Mining services company and ASX 300 share Perenti revealed a major profit jump in its full-year FY23 results. Net profit after tax (NPAT) rocketed 58% to $132 million. Earnings before interest, taxes, depreciation, and amortisation (EBITDA) rose to $553 million. Citi was impressed and raised its rating on Perenti to buy with a 12-month price target of $1.25. The ASX 300 share closed at $1.06 today, up 2.42%.

Skycity Entertainment Group Ltd (ASX: SKC)

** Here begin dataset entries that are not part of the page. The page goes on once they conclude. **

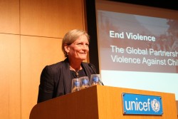 子どもに対する暴力撤廃のためのグローバル・パートナーシップ(Global Partnership to End Violence against Children)のスーザン・ビッセル事務局長。 |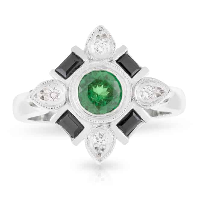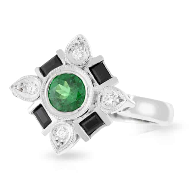 Tsavorite Garnet, Black Spinel and Diamond Dress Ring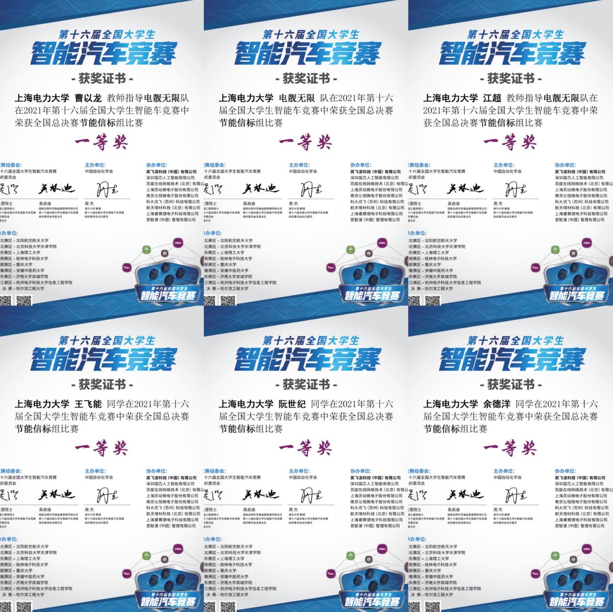 近日,来自电信学院的智能车车队“电靓无限”于2021年第十六届全国大学生智能汽车竞赛中获得节能信标组全国第五名(并列)的好成绩,成功摘得全国一等奖;与此同时,参加2021年全国大学生物联网设计竞赛(华为杯)的“空天地立体化智慧电网线路守卫者”小队也传来捷报,一举摘得全国一等奖。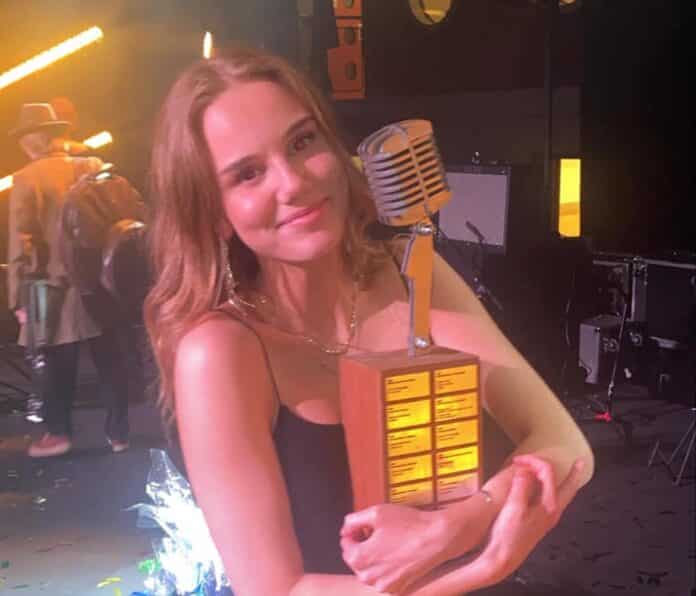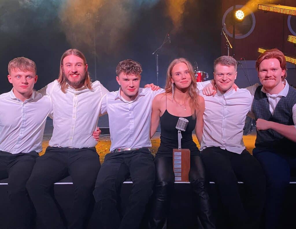 Söngkonan unga frá Þorlákshöfn var ekki ein á sviðinu því frábær hljómsveit úr fjölbrautaskólanum lék undir hjá henni í kvöld, eins og í undankeppninni.

New Zealand-based casino company SkyCity revealed a normalised net profit of $138.8 million, up 1,331.6% on the lockdown-impacted FY22, in its full-year FY23 results this week. The ASX 300 share will pay a dividend of 6 cents per share on 22 September. CLSA thought the report warranted a raised rating to accumulate. SkyCity shares closed the session on Friday down 2.36% to $2.07 apiece.

Siteminder Ltd (ASX: SDR)

ASX 300 tech share SiteMinder reported a 30% increase in revenue and an underlying net loss of $45.1 million in its full-year FY23 results. Morgans raised its rating to add, with analyst Andrew Tang explaining: "Siteminder's strong 2H23 performance — with better than expected property [ads], transaction product uptake, gross margins and unit economics — gives us more confidence in the company's growth trajectory." SiteMinder shares closed at $4.50 on Friday, up 2.98%.

Polynovo Ltd (ASX: PNV)

Medical devices company Polynovo reported a 58.8% increase in revenue and a net loss after tax of $4.93 million. This compares to a $1.19 million loss in FY22. The company said: "Excellent sales growth can be explained by the genius technology that is NovoSorb BTM and NovoSorb MTX, and by an increased sales force and geographical expansion". After reviewing the full-year FY23 results, CLSA raised its rating to accumulate with a $1.70 price target. The ASX 300 healthcare stock closed on Friday at $1.495, down 1.32%.